L’expérience de ce reportage pour les forces armées a été unique, hors norme, vivifiante en son genre. J’étais d’abord envoyé par la route depuis Paris Ministère de la Défense (en R25 de fonction conduite par un lieutenant, lui-même appelé comme moi) dans un campement à Montebourg dans la Manche, installé dans un lycée agricole. Nous dormions avec mon camarade de régiment (Emmanuel Courcol, salut à lui !) dans un gymnase transformé pour l’occasion en campement militaire, mangions à la cantoche du lycée voisin, allions boire des coups au troquet du patelin voisin… Déjà tout un voyage.

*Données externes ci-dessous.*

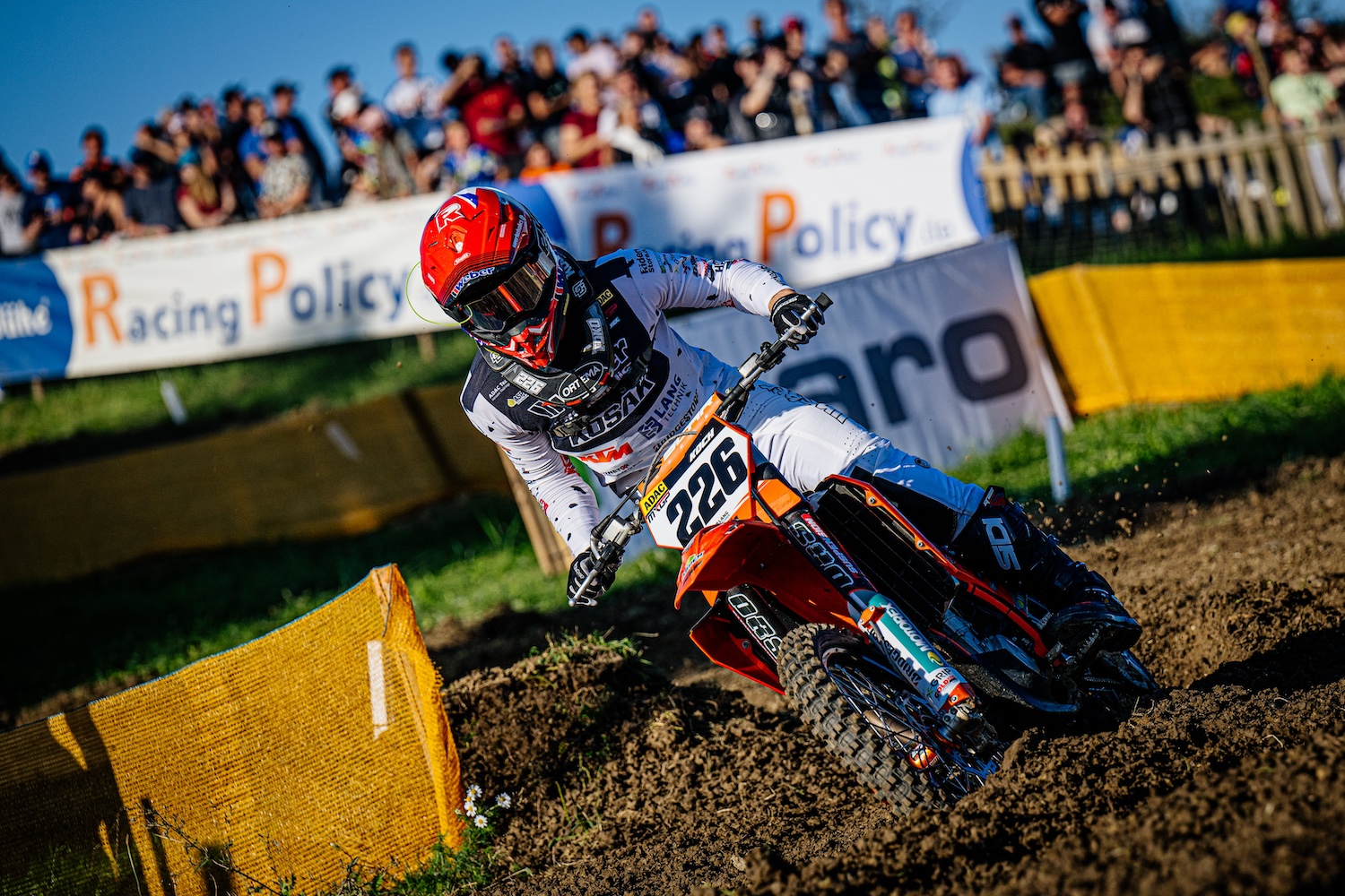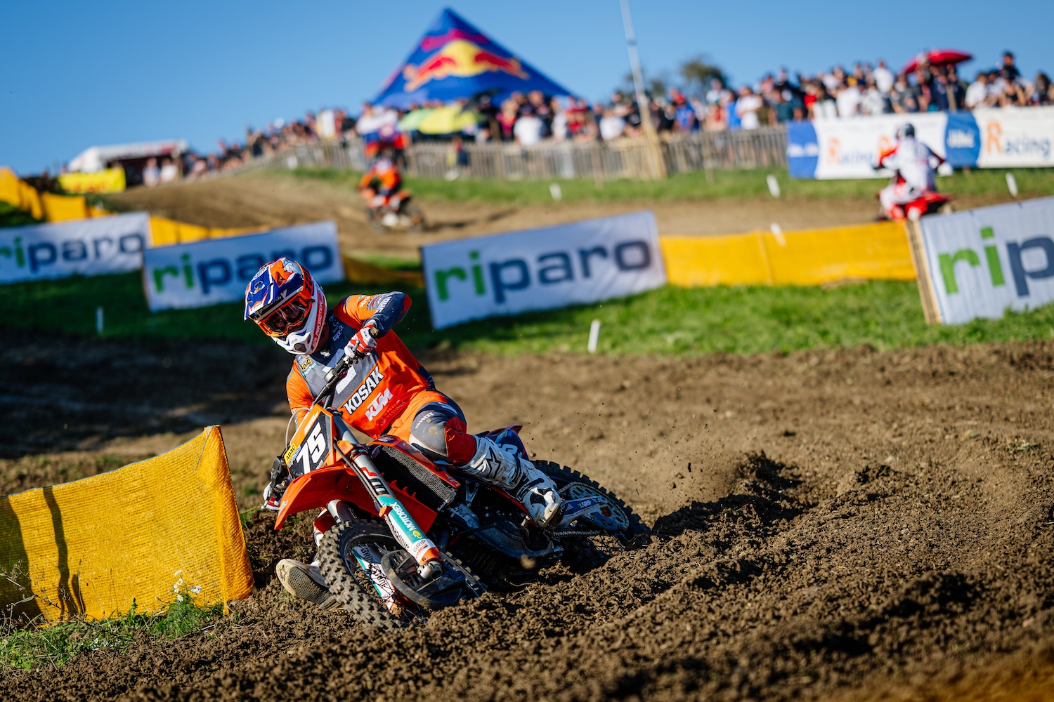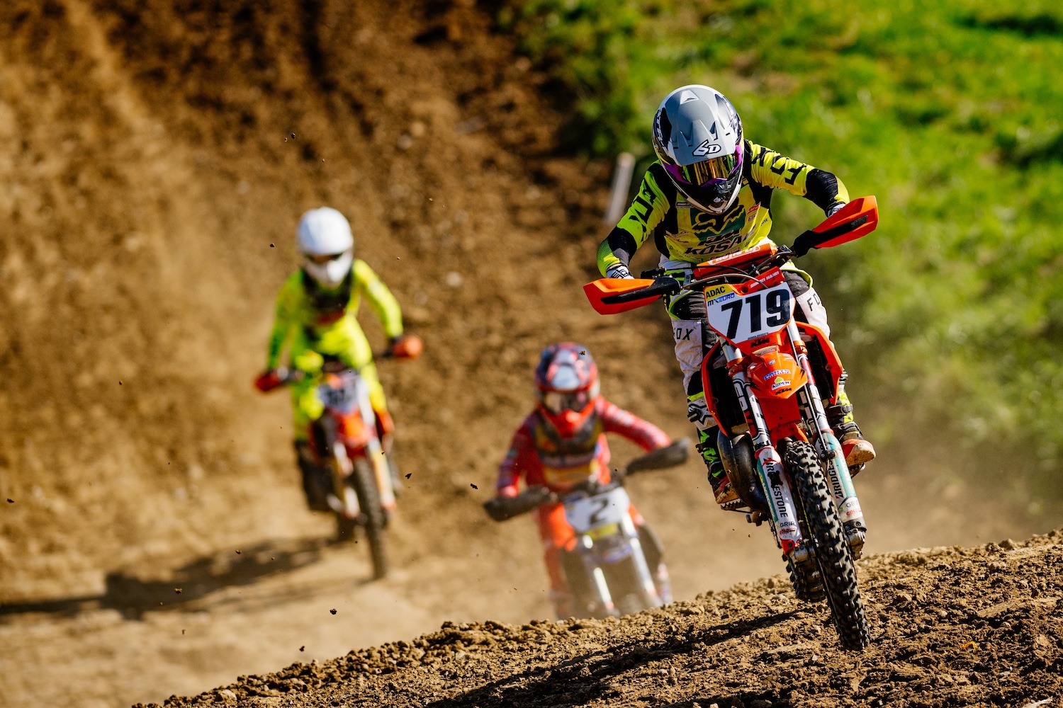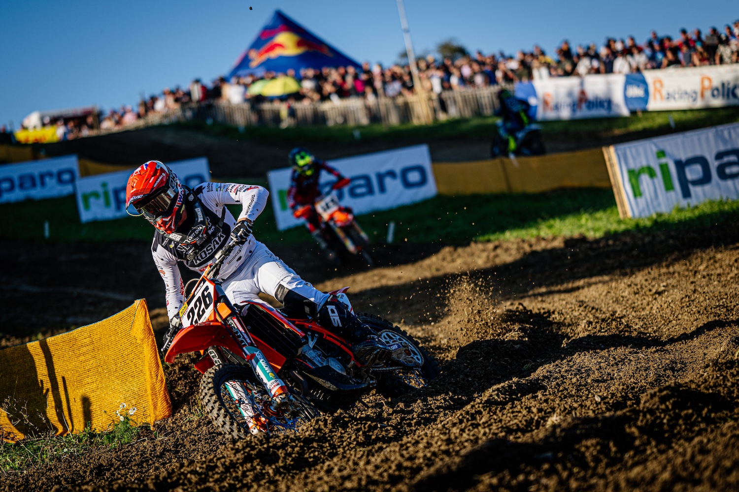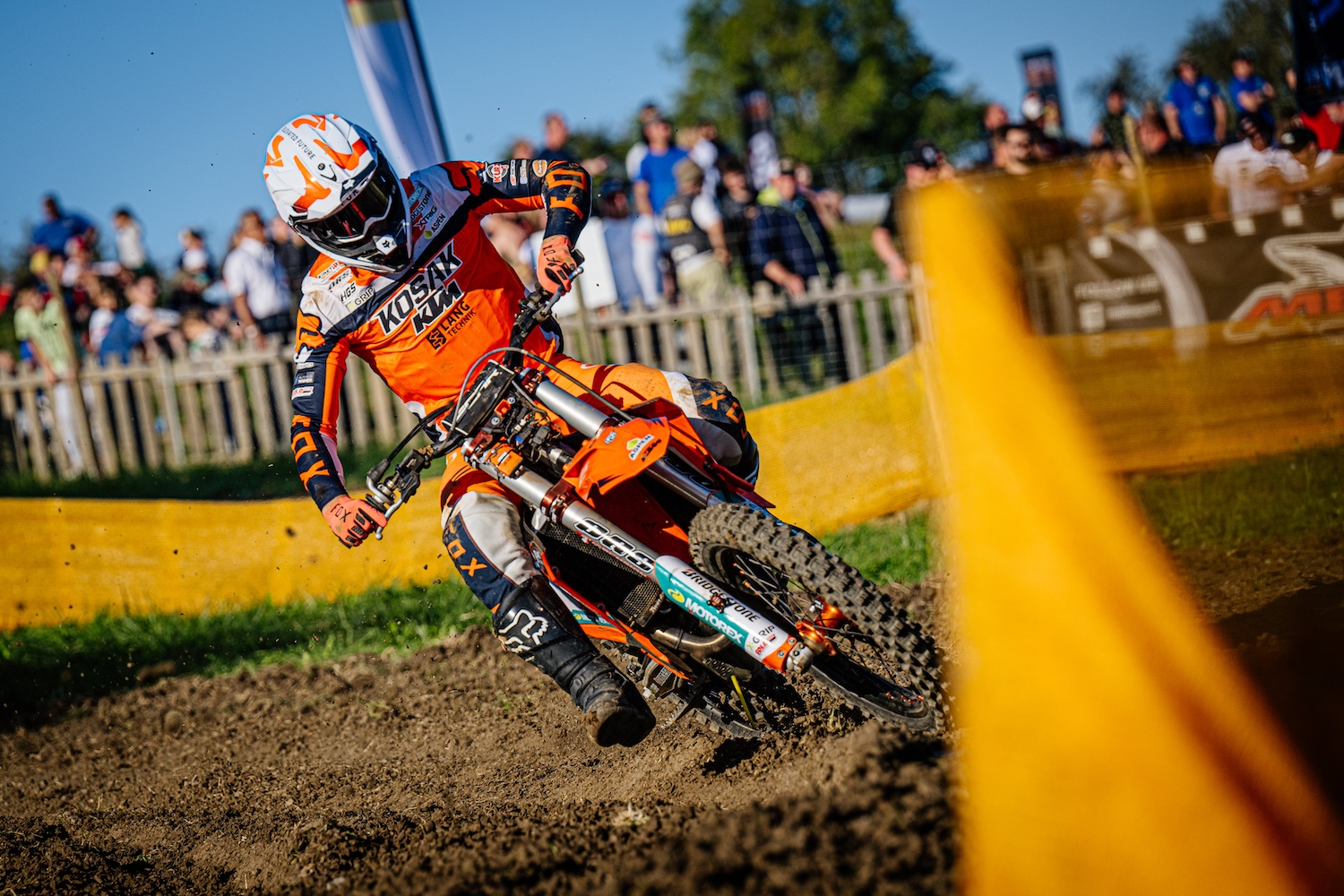 Tom Koch reiste mit zehn Punkten Vorsprung um den Vizetitel an und wollte diese Platzierung verteidigen. In der Qualifikation am Samstag schaffte er die insgesamt fünftbeste Rundenzeit und hatte so eine gute Position in der Startaufstellung. Mit seinem ersten Holeshot des Jahres setzte sich Tom Koch sofort an die Spitze und baute einen kleinen Vorsprung auf. Zur Rennmitte hatte sich der nächste Verfolger herangearbeitet und setzte den KTM Fahrer unter Druck. Koch konnte immer parieren, bis in einer tiefen Spur der Schalthebel hängen blieb und der Gang heraus sprang. Zwar konnte er schnell die Fahrt fortsetzen, hatte aber keine Möglichkeit mehr in dem Kampf um den Sieg einzugreifen. Im zweiten Durchgang kam Tom Koch als Fünfter aus der Startrunde zurück und verbesserte sich bis zum Rennende auf den dritten Platz .Da sein Mitstreiter um den Vizetitel wieder vor ihm ins Ziel kam, war für das dritte Rennen rechnen und taktieren angesagt. Mit einem guten Start begann er das letzte Rennen des Jahres. Ohne Risiko, immer den Gegner im Blick, fuhr er zunächst als Siebter seine Runden und nahm auch einen Überholvorgang hin. Im letzten Renndrittel überholte er den direkten Mitstreiter, hatte so sein Ziel erreicht und wurde in der Tageswertung Dritter. Nach allen Ehrungen freute sich Tom Koch: „Es war wieder eine sehr gelungene Veranstaltung. Und es macht einfach Spaß bei so herrlichem Wetter vor so einer begeisterten Zuschauerkulisse zu fahren. Am Anfang war ich noch ein bisschen zu verkrampft und steif. Trotz gesundheitlicher Probleme in den letzten Wochen habe ich alles gegeben, um den Vizetitel zu holen. Obwohl ein Platz besser auch nicht schlecht wäre. Es war eine Saison mit vielen Höhen und Tiefen, und ohne die Unterstützung meines Teams hätte ich es nicht geschafft, mich zurück zu kämpfen. Ich bin froh und stolz, dass es am Ende für den zweiten Platz gereicht hat“, freute er sich.

[MaJ:] Dans un bar, la première nuit passée, je me souviens que nous avions suivi des militaires de la troupe, pour aller trinquer avec eux. Dans le troquet normand au bois vieilli et aux nappes à carreaux, les filles du coin très maquillées sautaient sur les genoux des soldats musclés et hilares. Les temps dures rapprochent les coeurs et corps, c’est bien connu. Quand nous étions rentrés, tard dans la nuit, nous avions échoué, entassés dans l’arrière d’une fourgonnette dont je ne sais comment le conducteur nous avait ramené à bon port… La nuit avait été courte et joviale.

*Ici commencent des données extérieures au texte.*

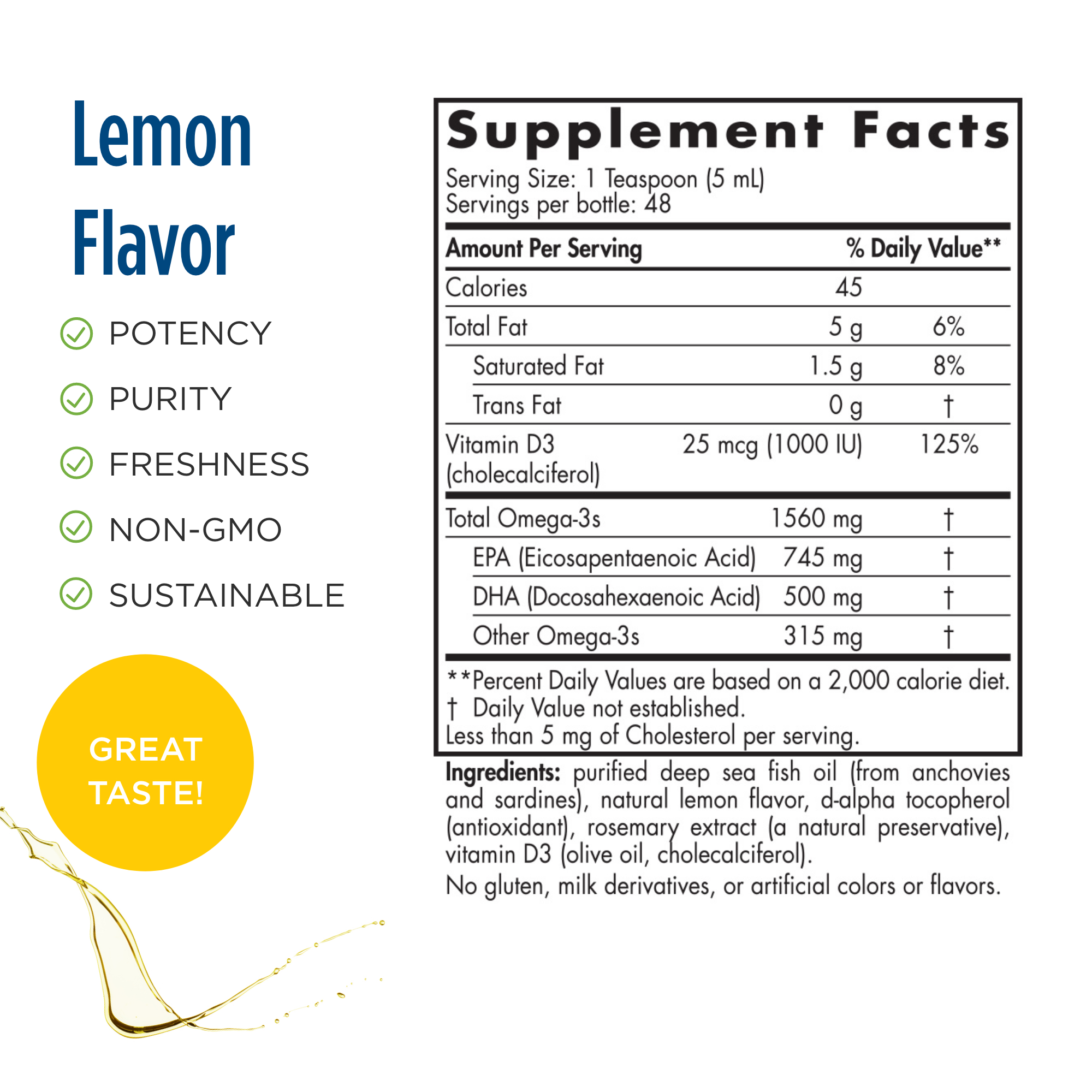 In addition to all the benefits of our Omega-3 formula, offering 1560 mg of naturally concentrated omega-3s, each serving of Omega-3D includes 1000 I.U. of vitamin D3, meeting the daily recommendation for children and adults who do not receive adequate sun exposure. Vitamin D3 is the natural form of vitamin D produced by the body, and is better absorbed and utilized than other forms. This powerful formula offers combined support for a healthy heart and brain, bones, mood, and immunity.*

Déplacements en Puma, ambiance reconstitution

Première impression forte le lendemain matin, en quittant les lieux via un hélicoptère Puma rempli de soldats de l’ECPA (le ciné et la photo des Armées), bardés de matériels de prises de vue, objectifs et autres sacs. Je me souviens encore de l’odeur de carburant sortant des turbines de l’appareil et de la peur que nous avions eu… Le pilote évoluait dans un ciel nimbé d’un épais brouillard où l’on n’y voyait rien du tout. J’ai bien cru qu’on allait y rester là, bêtement, en percutant je ne sais quoi dans les nuages…

musique ddayLe lendemain de fait, nous étions à Sainte-Mère-Eglise, pour la reconstitution du saut des premiers parachutistes alliés, si émotionnelle de par l’histoire du soldat John Steele. Une cérémonie qui déjà se vivait dans un méli-mélo foutraque de vrais militaires en surveillance, de déguisés adeptes de la reconstitution, de véhicules d’époques et de badauds prêts à photographier tout ce qui passe à côté. Un mix de langues aussi, où l’anglais domine mais où les parlers nordiques, de l’est et d’ailleurs s’entendent aussi au coin d’une rue ou devant une boutique. Une séquence vraiment détendue et bon enfant, où je déambulais dans les rues normandes et avais pris le temps de rentrer dans une boulangerie du coin pour demander au comptoir « quelle est votre pâtisserie locale ? ». Un de mes réflexes en terres inconnues.


[MAJ:]
L’autre détail de contexte, ce sont les nombreuses musiques entendues de partout, sur tous les sites de Commémoration du Débarquement en Normandie. Musiques militaires, musique d’ambiance de brass band improvisés, fanfares, trompettes et cornemuses de vétérans… un vrai décor sonore omniprésent qui tourne un peu la tête à la fin mais n’est pas du tout surjoué. Il fait partie du décorum global, à côté des petits fanions, drapeaux et autres tapis rouge. « C’est assez acoustique », dira ainsi Marie Drucker sur France 2 durant les festivités du 6 juin 2014…

Comparo des armées

Je visitais aussi dans la même journée les régiments de transmission, américain et français (photo ci-dessus*), qui, sur les collines entourant les plages du D-Day, assuraient la surveillance des chefs d’Etat et délégations à venir. Des batteries de missiles de défense y étaient aussi installées, au cas où… J’étais frappé par la différence nette d’organisation et de « matos » entre armées US et frenchy : tentes à plancher moquetté, climatisation et ordinateurs ronronnant pour les américains, VS. toile battue aux 4 vents avec pieds dans la boue pour les Français. Mais les deux camps se respectaient mutuellement, pour leurs qualités respectives éternelles : logistique US VS. talent à la française.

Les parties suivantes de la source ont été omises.